_DATA UNDER STUDY_

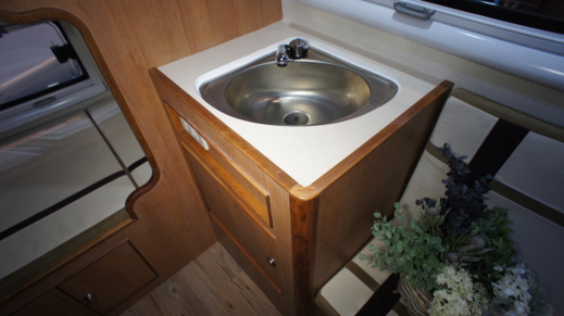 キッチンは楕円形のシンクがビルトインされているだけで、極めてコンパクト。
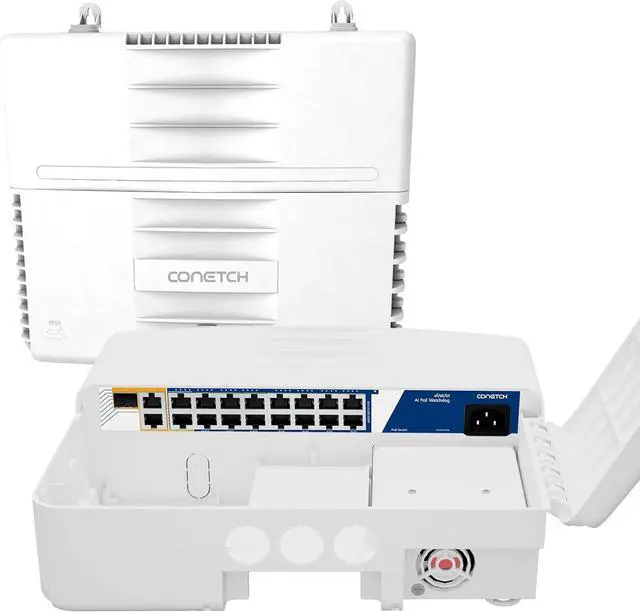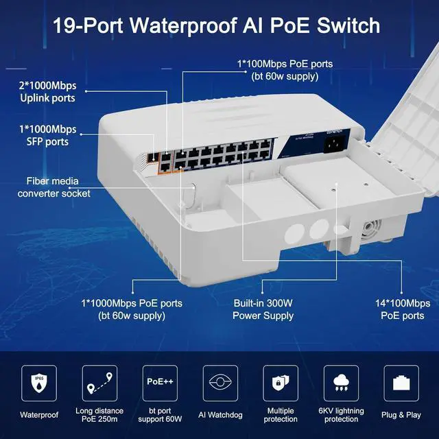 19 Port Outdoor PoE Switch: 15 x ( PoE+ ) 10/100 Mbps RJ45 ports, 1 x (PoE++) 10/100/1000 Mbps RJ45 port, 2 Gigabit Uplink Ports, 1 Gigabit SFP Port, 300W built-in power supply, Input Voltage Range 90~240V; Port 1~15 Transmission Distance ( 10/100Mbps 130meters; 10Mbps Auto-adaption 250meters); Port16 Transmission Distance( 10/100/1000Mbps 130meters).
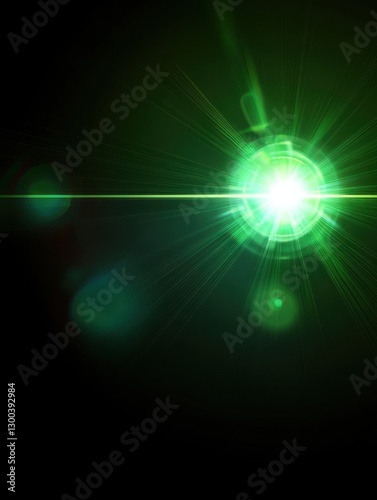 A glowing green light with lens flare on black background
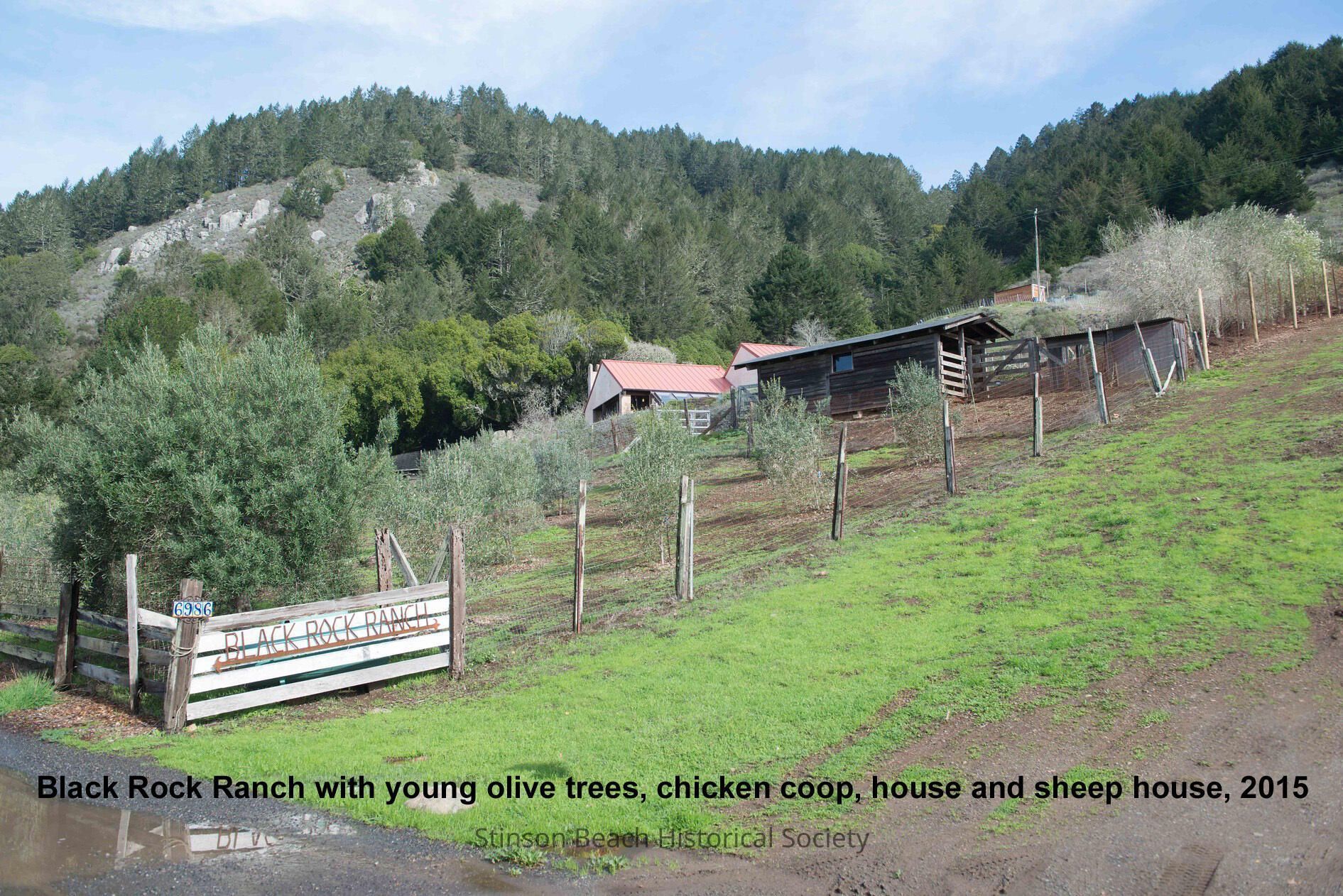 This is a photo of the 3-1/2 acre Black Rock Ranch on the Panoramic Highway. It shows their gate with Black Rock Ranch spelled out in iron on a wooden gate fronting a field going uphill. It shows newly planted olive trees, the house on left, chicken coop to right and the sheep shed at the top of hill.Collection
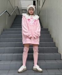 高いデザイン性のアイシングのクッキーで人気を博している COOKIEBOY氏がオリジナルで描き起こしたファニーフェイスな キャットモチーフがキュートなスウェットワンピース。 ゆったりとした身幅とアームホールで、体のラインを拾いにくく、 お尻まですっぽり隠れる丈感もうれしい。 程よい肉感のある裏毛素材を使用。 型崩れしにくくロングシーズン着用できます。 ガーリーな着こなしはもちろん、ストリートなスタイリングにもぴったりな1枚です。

_ABOUT THIS EXERCISE_
Write the lines from the one containing "A glowing green" through the end of the data above exactly as they appear, and do not carry over any picture.

_TASK SOLUTION_
 A glowing green light with lens flare on black background
 This is a photo of the 3-1/2 acre Black Rock Ranch on the Panoramic Highway. It shows their gate with Black Rock Ranch spelled out in iron on a wooden gate fronting a field going uphill. It shows newly planted olive trees, the house on left, chicken coop to right and the sheep shed at the top of hill.Collection
 高いデザイン性のアイシングのクッキーで人気を博している COOKIEBOY氏がオリジナルで描き起こしたファニーフェイスな キャットモチーフがキュートなスウェットワンピース。 ゆったりとした身幅とアームホールで、体のラインを拾いにくく、 お尻まですっぽり隠れる丈感もうれしい。 程よい肉感のある裏毛素材を使用。 型崩れしにくくロングシーズン着用できます。 ガーリーな着こなしはもちろん、ストリートなスタイリングにもぴったりな1枚です。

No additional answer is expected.